A website redesign has a lot of moving parts and the ones that get missed tend to be the ones that hurt most. Skipping a redirect can drop your Google rankings. Missing a broken form means lost leads. Forgetting to reconnect your analytics means flying blind for months.
This website redesign checklist gives you a complete reference for every phase of the redesign process. Use it as an ongoing reference whether you’re managing the project yourself or working with an agency. The goal is simple: launch a site that works correctly from day one, preserves what was already working, and improves what wasn’t.
Before You Start: Pre Redesign Audit
Before building anything new, document what you already have. This baseline prevents you from accidentally discarding things that were working.
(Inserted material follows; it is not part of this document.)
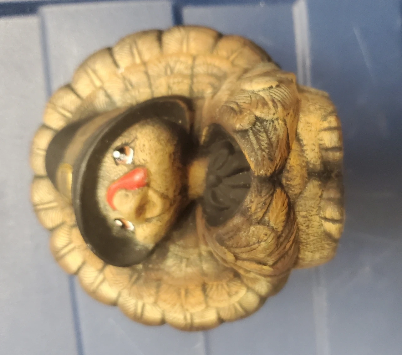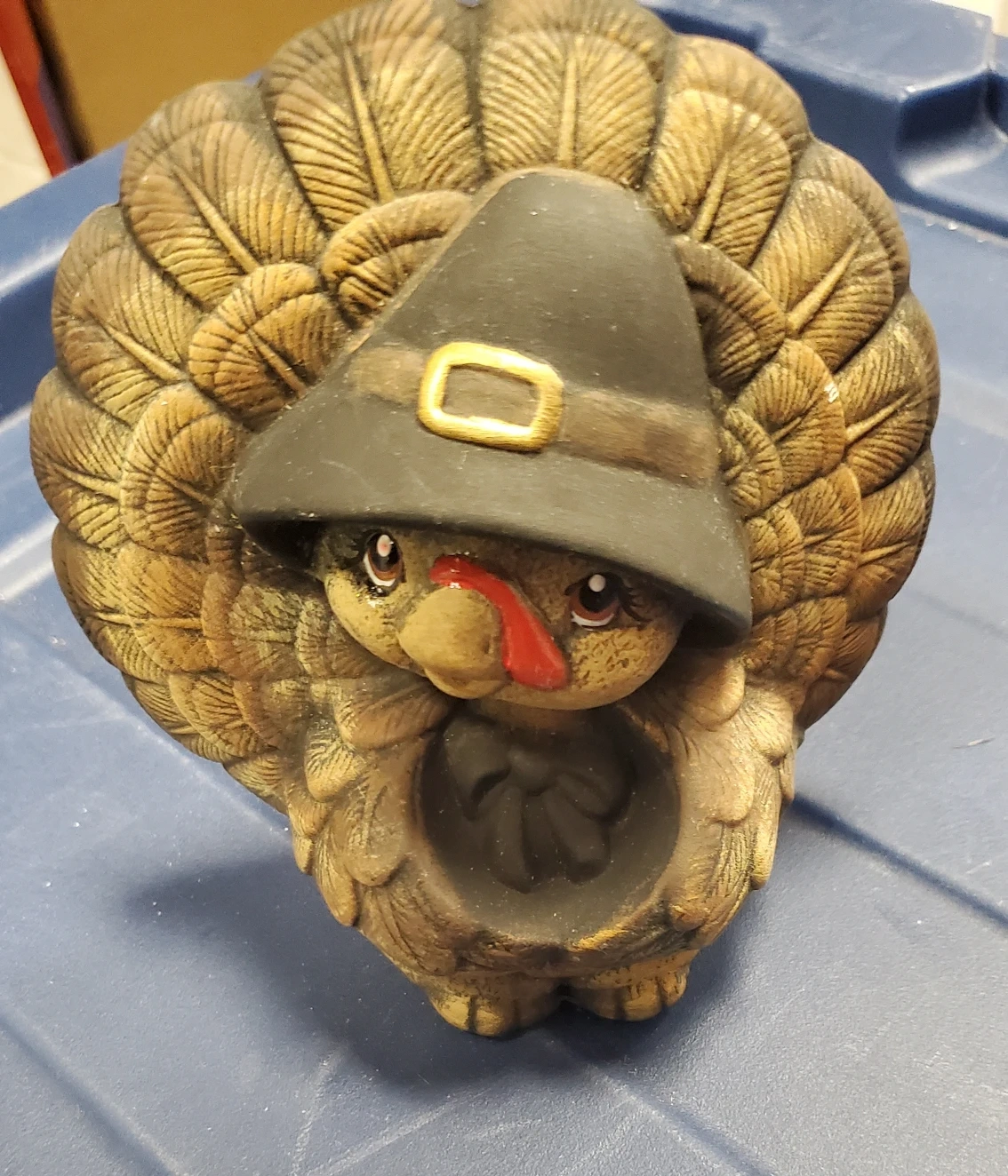 Here's a cute Thanksgiving turkey figurine! It's wearing a pilgrim hat and has a sweet expression. It's in great condition and would make a nice addition to your holiday decorations. About 5 inches tall.

Traffic and Performance Audit
- [ ] Export Google Analytics data for the past 12 months identify your top 20 highest traffic pages
- [ ] Export Google Search Console data which keywords and pages are driving impressions and clicks?
- [ ] Note your current bounce rate, average session duration, and conversion rate
- [ ] Identify your highest converting pages (these need the most careful preservation)
- [ ] Record your current Core Web Vitals scores (LCP, CLS, FID) using Google PageSpeed Insights
Content Inventory
- [ ] Create a spreadsheet listing every page on your current site, its URL, and its traffic
- [ ] Mark each page: Keep as is / Update / Merge / Remove
- [ ] Identify all blog posts and decide which to migrate, update, or retire
- [ ] Catalog all downloadable assets (PDFs, guides, whitepapers) and their current URLs
- [ ] List all forms on the site and which integrations they connect to (CRM, email marketing, etc.)
Technical Inventory
- [ ] Document all third party integrations (Google Analytics, CRM, payment gateways, booking tools)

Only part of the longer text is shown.